# Not so micro - vintage fish pron



## deerfly (Mar 10, 2007)

When I saw TomFl post his 25' SeaVee project http://www.microskiff.com/cgi-bin/yabb2/YaBB.pl?num=1281989086 

I immediately reflected back to the days when my long time friend and fishing buddy John had his SeaVee and the times we had on it, circa 88-92. I was digging around in some old boxes looking for some research papers I did for a GPS drifter project at UM RSMAS and found a bunch of old pic's I knew I had but could never find them. 20+ years and several moves has a way of hiding stuff I guess. Anyway, here's the goods...

First set is a trip we made several times, Bakers Haulover to Bimini to clear customs then north to Great Isaac's to fish and free dive/spear fish. Generally we stayed one or two nights sleeping on board at the leeward side of the Isaac's lighthouse/rock pile, returning home from there and stopping to fish along the way of course.  


















Great Isaac lighthouse

























































































After cleaning some fish to make room in the cooler, a giant dusky came in, bumping the boat while eating the carcasses we toss in. Here I hand fed him a yellow but John missed the take.









144qt Igloo, solid with fish









Gotta Go misc

































































Sushi on the hoof









We really enjoyed that boat and I'm sure Tom will enjoy the hell out of his too, for all the same reasons.


----------



## TomFL (Oct 2, 2007)

*Re: Not so micro - vintage fish porn*

Awesome post, thanks for taking the time to put the pics up. 

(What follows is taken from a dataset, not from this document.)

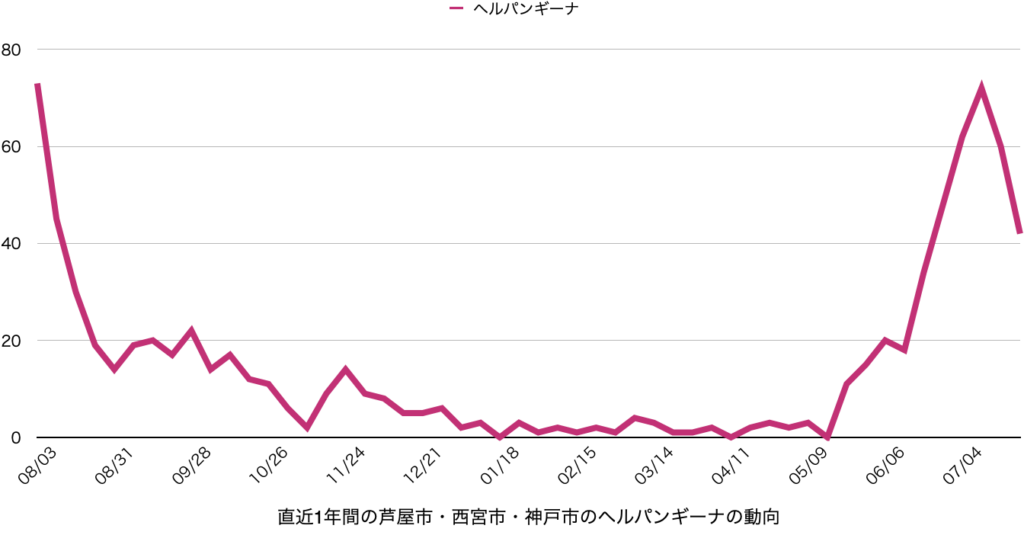 ヘルパンギーナは2週連続で減少しており、収束に向かうことが期待されます。

Looks like you guys had a lot of good times on that hull, and you guys covered some water in it too. Exactly what I hope to do if the stars are aligned during the summer months. 

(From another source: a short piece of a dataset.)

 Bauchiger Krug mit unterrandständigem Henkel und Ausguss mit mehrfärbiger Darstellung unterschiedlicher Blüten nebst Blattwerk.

So..how bad were the bugs on the lee side when you guys slept on the boat? I've done that before over in Harbour Island and did not have a problem but never on the close islands. Will prolly be doing some "roughing it" trips like that with this boat.

-T


----------



## deerfly (Mar 10, 2007)

*Re: Not so micro - vintage fish porn*

Tom, the bugs were never bad at all. Probably because there isn't much vegetation on that rock to speak of. Plus we always anchored a 100yds or more away.

There's so much storage and deck space on that boat that "roughing" it is easy. I imagine you could pitch a 2-3 man tent in the forward cockpit too like I did recently in my Panga skiff. On these trips though we just slept in light sleeping bags on Thermarest pads to get above a wet deck with a couple small tarps within reach in case it rained.

Lot's of fun and that boat is perfect for those kinds of weekender voyages. Handles bad water very well too. We've been in some nasty stuff in that thing. No worries as long as you don't do anything foolish, but if you get stuck in something that hull can take a pounding. It's really a great boat to run to the islands and back without breaking the bank in fuel. Like I said I was very sad when he decided to sell it.


----------



## tom_in_orl (Dec 9, 2006)

That might be the oldest fishing report ever posted ;D Very Cool


----------



## Gramps (Nov 1, 2007)

That had to be awesome. You're making me feel like I'm way behind on fishing adventures! Thanks for sharing DF.


----------